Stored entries
_____

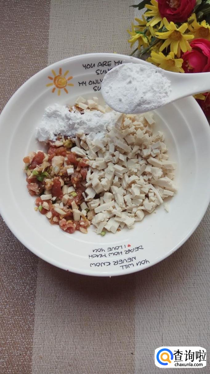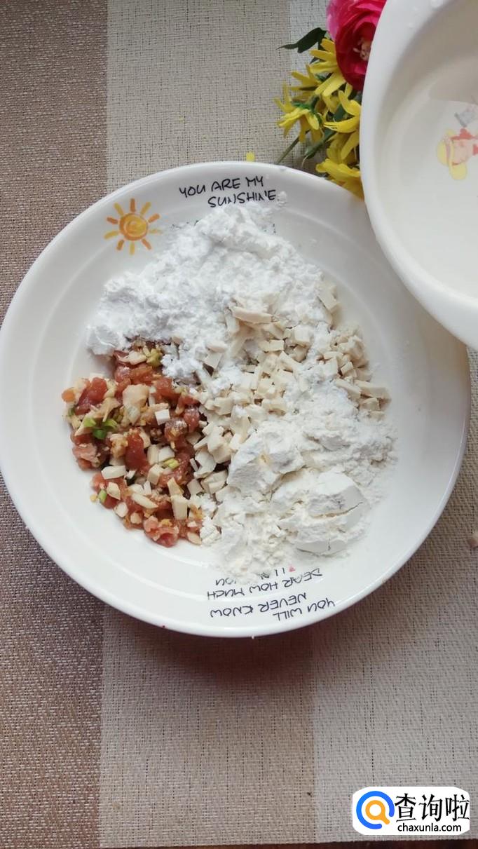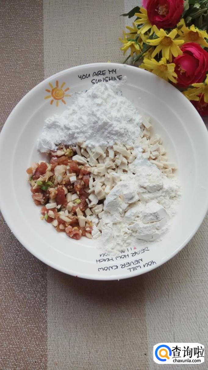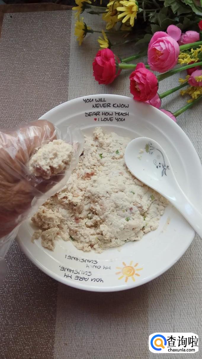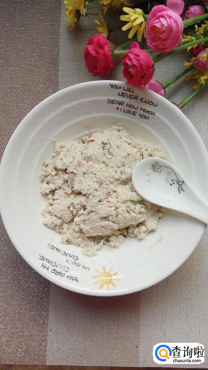 加少许清水,用勺子将豆腐压成泥,和着面粉和淀粉,将豆腐和肉,做成泥状。
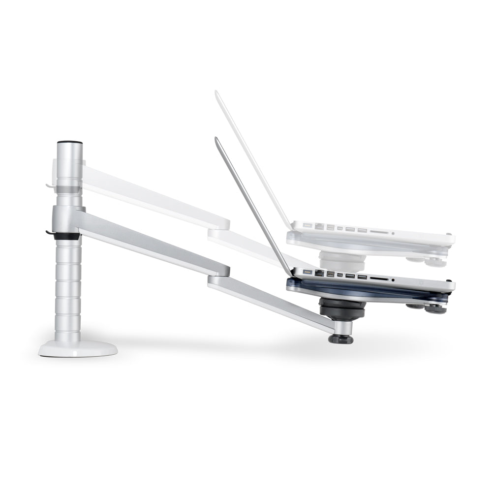 - Adjustable-- The screen can freely swivel 360 degree, and easily adjust the monitor and laptop to the most comfortable position,monitor mounting arm offers 145 degree tilt, the maximum extension length up to 52cm/20.5", reach the height of 43cm/16.9", Laptop mounting arm offers 45 degree tilt, the maximum height up to 42cm/16.5".
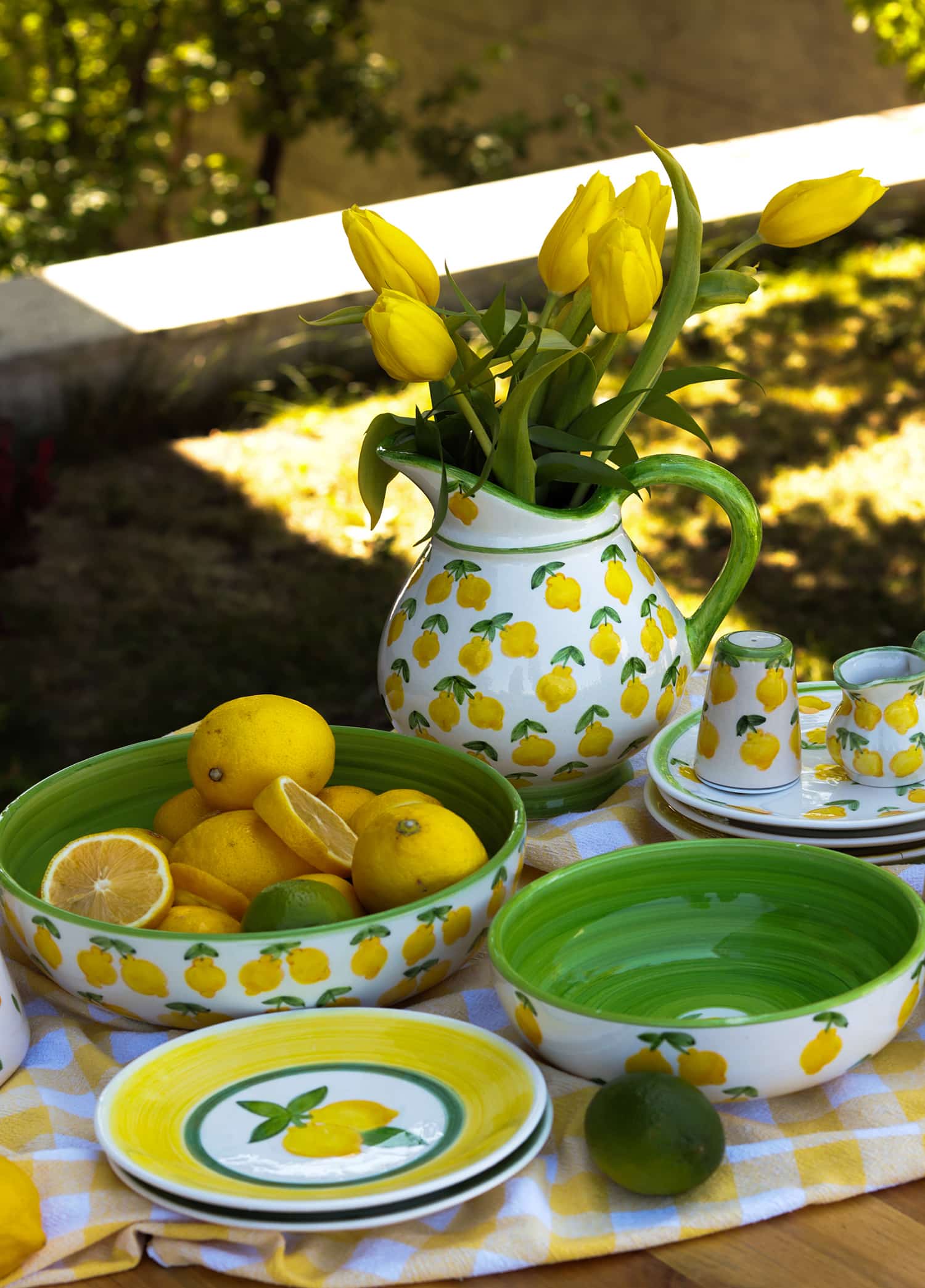 Handmade ceramic cake plate in bright yellow, part of the Lemon Splash collection — perfect for desserts and joyful table moments.
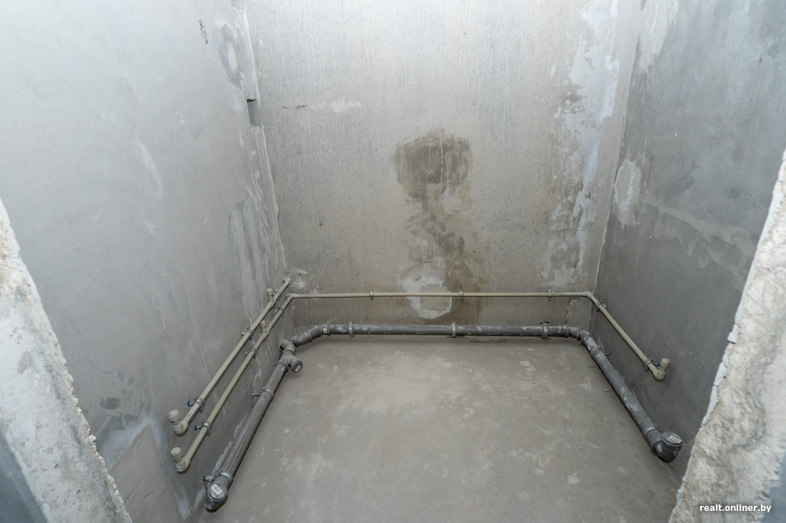 Заходим в ванную комнату и обнаруживаем, что гидроизоляция в помещении не выполнена (не было по проекту). Максим Морозов советует все же озаботиться этим моментом, чтобы потом не иметь проблем с соседями. Решить задачку можно самостоятельно: достаточно купить в магазине состав (он относительно недорогой) и промазать им пол и стены на небольшую высоту. От греха подальше, как говорится.
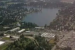 Angle Lake is an L-shaped lake in SeaTac, Washington, United States, occupying 102 acres (0.41 km2) between Interstate 5 and State Route 99. The lake most likely was so named on account of its outline.[2] On the western shore is a 10-acre (0.040 km2) park, Angle Lake Park, administered by the City of SeaTac Parks and Recreation department.[3] The remainder of the shoreline is ringed with private homes.

_____

**ASSIGNED TASK:**
Reproduce every record in full. Leave out the images.

**YOUR RESPONSE:**
 加少许清水,用勺子将豆腐压成泥,和着面粉和淀粉,将豆腐和肉,做成泥状。
 - Adjustable-- The screen can freely swivel 360 degree, and easily adjust the monitor and laptop to the most comfortable position,monitor mounting arm offers 145 degree tilt, the maximum extension length up to 52cm/20.5", reach the height of 43cm/16.9", Laptop mounting arm offers 45 degree tilt, the maximum height up to 42cm/16.5".
 Handmade ceramic cake plate in bright yellow, part of the Lemon Splash collection — perfect for desserts and joyful table moments.
 Заходим в ванную комнату и обнаруживаем, что гидроизоляция в помещении не выполнена (не было по проекту). Максим Морозов советует все же озаботиться этим моментом, чтобы потом не иметь проблем с соседями. Решить задачку можно самостоятельно: достаточно купить в магазине состав (он относительно недорогой) и промазать им пол и стены на небольшую высоту. От греха подальше, как говорится.
 Angle Lake is an L-shaped lake in SeaTac, Washington, United States, occupying 102 acres (0.41 km2) between Interstate 5 and State Route 99. The lake most likely was so named on account of its outline.[2] On the western shore is a 10-acre (0.040 km2) park, Angle Lake Park, administered by the City of SeaTac Parks and Recreation department.[3] The remainder of the shoreline is ringed with private homes.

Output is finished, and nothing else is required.